The country’s hugely correct monetary and fiscal national policies are not going to jumpstart the economy. Only business confidence aided by a resolute vaccine distribution system will do the trick.
The country’s setback in trillions of pesos (due to Covid-19) cannot be remedied by just mere changes in economic policies. Interest rate and reserve requirements adjustments downwards, repurchase agreements and provisional advances and injecting over P 2 Trillion into the financial system will not be the magic formulae.
Bayanihans1 and 2 combines will not do it either. An all-time high national budget ( General Appropriation Act) P4.7 Trillion will help a bit but it is no silver bullet.
Of course, when a country’s economic managers are good, they, too, can get quite lucky. The country started with a 40% debt-to-GDP ratio that allowed it to fiscally maneuver. The TRAIN (2019) also enabled the nation to shore state taxes 50 percent better than it should have.
But in the Covid-19 period, the economy still slid downwards to negative territory, nonetheless, despite all these. It is because the economy will only move if businesses start their machines moving again, hiring back people and ordering from their supply chain.
It will free the nation’s “frozen” assets into productive ones.
This means being able to collect their long-gestating receivables, move the mothballed inventory, push the work-in-process into completion, rehire people and being confident again to sell on credit. Only then will the business joints be re-oiled into action again.
That takes genuine, from-the-gut business confidence. In the efficacy of the vaccines and the normalization of public transportation as most Filipinos still travel in this mode. As well, the banks must have a mechanism in place to manage their NPL ( non-performing loans) – so as not to distract them from their main business of granting loans and running after deposits again.
Simultaneously, the country must equip itself with the shield to fight back effectively the next pandemic which will surely come again as surely as the sun rising in the east.
As the “fragile” health care system has perennially been used as the reason why various forms of lockdowns had to be implemented all over the country, then that health care system must be fortified, too. Lockdowns have caused the nation’s economic machine to grind to a halt.

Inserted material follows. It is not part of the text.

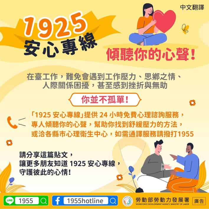 移工宣導|1925安心專線傾聽你的心聲-(健康)-多國語 2025-06-05 作者: 21世紀人力仲介 媒體布小編 21世紀全球外勞集團協助您找到最適合的優質外籍勞工/家庭看護工/家庭幫傭 / 製造業移工/營造業移工/農業移工,如有服務需求請來電免付費專線(手機市話皆可撥) 0800-32-1111 或 留言給我們 上一頁上一篇移工仲介|執行 113 年仲介評鑑工作 工協承辦 實地評鑑擬 6 月底展開 受評 1,223 家 下一篇長照2.0補助申請教學2025:申請資格/服務對象/補助懶人包下一篇 外籍幫傭|釋出婦女勞動力 賴總統提鬆綁外籍家庭幫傭 確保托育品質等前提下 洪申翰:正在評估中 2025-10-17 閱讀更多 » 外籍移工|新北友善移工企業 3 家脫穎而出 多項優於法令措施 展現多元共融 2025-10-23 閱讀更多 » 外籍漁工|台日攜手 發布遠洋漁業人權報告 剖析勞動風險 有待具體應對措施 2025-10-21 閱讀更多 » 相關

In various stages of sophistication, there are currently only 476 public and 960 private hospitals -many of which are in bad financial straits. The latest available figures show that the NCR (National Capital Region) has only 13.5 hospital beds per 10,000 people. The other regions are faring much worse with a range of 3.8 to 8.9 hospital beds per 10,000 population.
The country has produced 130,000 licensed doctors but only 70,000 of them practice their profession here as they are only paid a fraction of their foreign counterparts. Thus, the country only has 6 doctors per 10,000 population compared to the developed countries of 25 doctors per 10,000 people.
The Philhealth insurance company is littered with holes of inefficiency and corruption that government recapitalization may be necessary as an interventionist policy. The state only pays $138/per capita in health benefits compared to Japan’s $4,200/capita, South Korea’s $2,300 and Singapore’s $2,600.
As the vaccination program accelerates approaching the “herd immunity” levels, there may be no longer any need to budget for contact tracing involving 270,000 contact tracers (estimated budget P3.6 Billion).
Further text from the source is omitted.